§ Given entries
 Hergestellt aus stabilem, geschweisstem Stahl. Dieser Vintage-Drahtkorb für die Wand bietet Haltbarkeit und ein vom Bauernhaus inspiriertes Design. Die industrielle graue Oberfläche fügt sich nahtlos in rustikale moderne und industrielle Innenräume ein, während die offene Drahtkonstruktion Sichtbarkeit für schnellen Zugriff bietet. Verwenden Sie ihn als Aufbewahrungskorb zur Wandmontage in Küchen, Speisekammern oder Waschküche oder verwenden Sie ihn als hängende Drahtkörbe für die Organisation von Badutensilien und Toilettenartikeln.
==
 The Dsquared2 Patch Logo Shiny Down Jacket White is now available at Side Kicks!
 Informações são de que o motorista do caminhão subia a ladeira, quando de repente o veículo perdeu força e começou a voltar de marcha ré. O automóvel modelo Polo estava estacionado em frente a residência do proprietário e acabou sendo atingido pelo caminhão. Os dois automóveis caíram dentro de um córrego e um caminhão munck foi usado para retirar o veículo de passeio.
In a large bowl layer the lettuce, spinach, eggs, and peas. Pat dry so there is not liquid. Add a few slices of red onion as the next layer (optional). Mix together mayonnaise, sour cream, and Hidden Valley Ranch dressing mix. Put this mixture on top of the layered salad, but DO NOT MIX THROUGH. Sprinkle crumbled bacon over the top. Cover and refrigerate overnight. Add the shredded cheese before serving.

§ What you should do
After locating the line with "Informações são de" in the material above, return it and each line after it exactly, ending at the line with "In a large bowl".

§ Reply to the task
 Informações são de que o motorista do caminhão subia a ladeira, quando de repente o veículo perdeu força e começou a voltar de marcha ré. O automóvel modelo Polo estava estacionado em frente a residência do proprietário e acabou sendo atingido pelo caminhão. Os dois automóveis caíram dentro de um córrego e um caminhão munck foi usado para retirar o veículo de passeio.
In a large bowl layer the lettuce, spinach, eggs, and peas. Pat dry so there is not liquid. Add a few slices of red onion as the next layer (optional). Mix together mayonnaise, sour cream, and Hidden Valley Ranch dressing mix. Put this mixture on top of the layered salad, but DO NOT MIX THROUGH. Sprinkle crumbled bacon over the top. Cover and refrigerate overnight. Add the shredded cheese before serving.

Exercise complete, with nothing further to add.